Reconstruction of the cis-regulatory networks based on augmented eQTLs

By obtaining a total of 1 347 945 recovered eSNP–eGene pairs in addition to the existing data, we now have a range of eGenes (1–33) associated with the eSNPs in each eQTL-hotspot (Table S6). We consider the majority of these eQTL-hotspots to be potential cis-regulatory elements. Therefore, hotspots targeting the same eGene are likely involved in the same regulatory program. In this study, we constructed interaction networks among eQTL-hotspots based on the commonality of eGenes. Two hotspots were connected if their corresponding eGene sets exhibited a similarity corresponding to a Jaccard index (JI) > 0.2 (Figure 6A). The threshold of the JI was determined based on alignment with the Hi-C signal across 12 tissues or cell types (Figure S9A and B, one-sided Wilcoxon rank-sum test). The threshold of JI also showed significant concordance with known promoter–promoter (P-P), enhancer–promoter (E-P), and enhancer–enhancer (E-E) [43] interactions across 36 tissues or cell types (Figure S9C–E, one-sided Wilcoxon rank-sum test).

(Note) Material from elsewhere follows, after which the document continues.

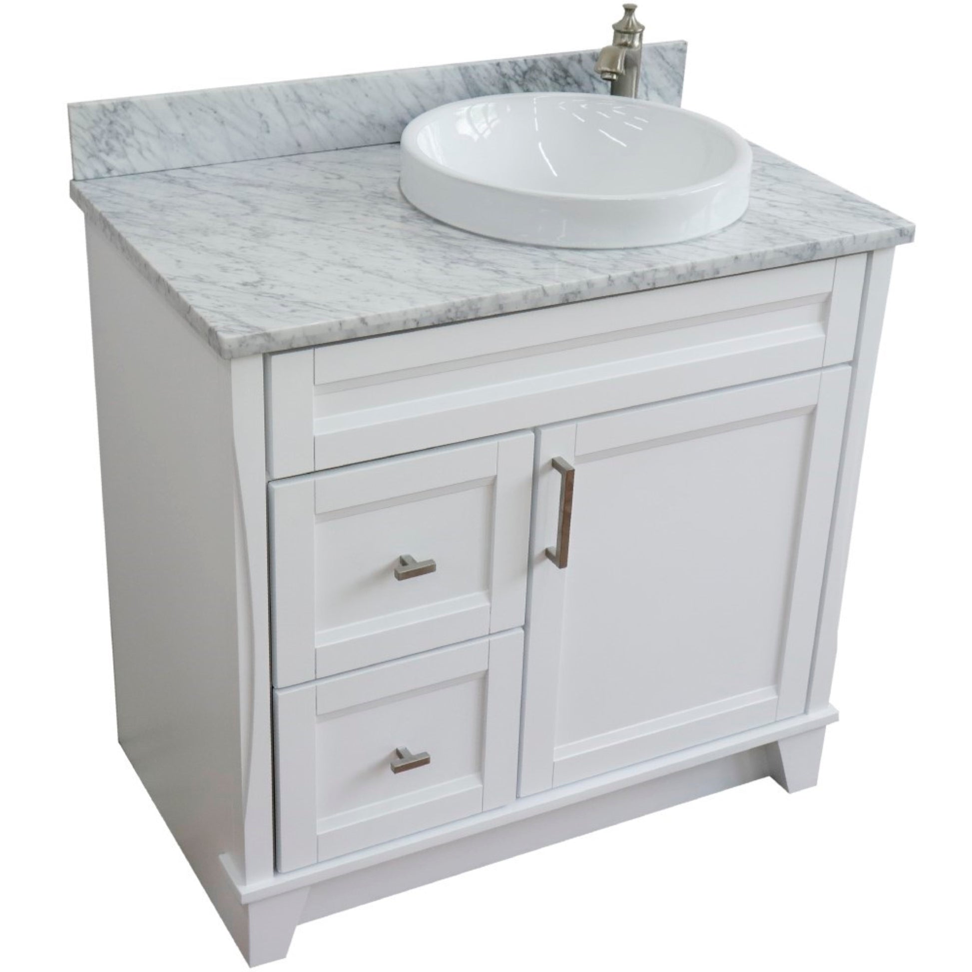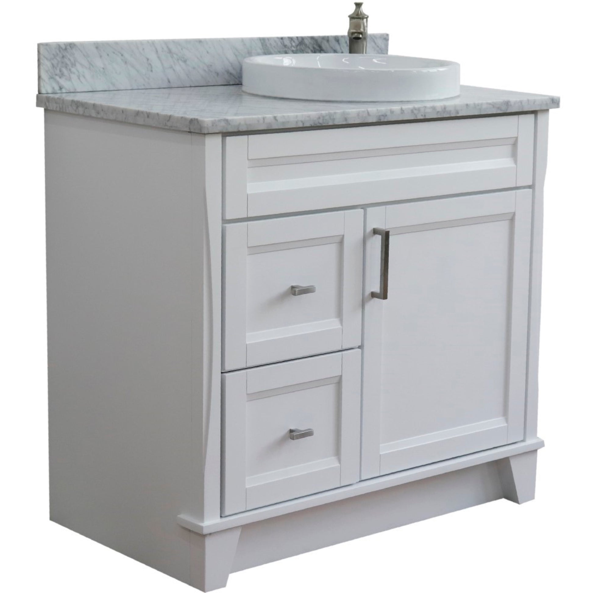 37" Single sink vanity in White finish with White Carrara marble and LEFT round sink RIGHT drawers

The resulting interaction network of eQTL-hotspots consisted of 116 238 nodes and 2 725 380 edges corresponding to cis-associations across the 36 tissues or cell types.

Reconstruction of the *cis*-regulatory networks using inferred eQTL-hotpots. (A) Two eQTL-hotspots are considered to be interacted if the corresponding eGene sets show a JI > 0.2. (B) The fractions of three types of interactions (P-P, E-P and E-E) are presented at the edges corresponding to C1-C1, C1-C2 and C2-C2 across 36 tissues or cell types. Each colored dot represents one tissue or cell type. See Figure 5 for the legend of tissue colors. P-values were calculated using the one-sided Wilcoxon rank-sum test, and were adjusted using ‘bonferroni’. ∙, adjusted P < 0.1; ^*, adjusted P < 0.05; ^**, adjusted P < 0.01; ^***, adjusted P < 0.001; ^****, adjusted P < 0.0001; ns, not significant. (C) Heatmaps demonstrate the similarity of *cis*-regulatory networks among 36 tissues or cell types. Tissues are ordered by agglomerative hierarchical clustering. (D) The distribution of the total number of TPMs in different tissues or cells. (E, F) The significant positive correlation between transcription factor binding activities within TPM hotspots and the scaled expression of the corresponding eGenes as demonstrated by IRF4 in blood (E) and MYC in suprapubic skin (F). Each dot represents one TPM. The x-axis represents the average binding activity of the transcription factor in TPM, while the y-axis represents the average of Z-score scaled eGene expression in TPM. The eGenes of known targets of IRF4 and MYC are labeled.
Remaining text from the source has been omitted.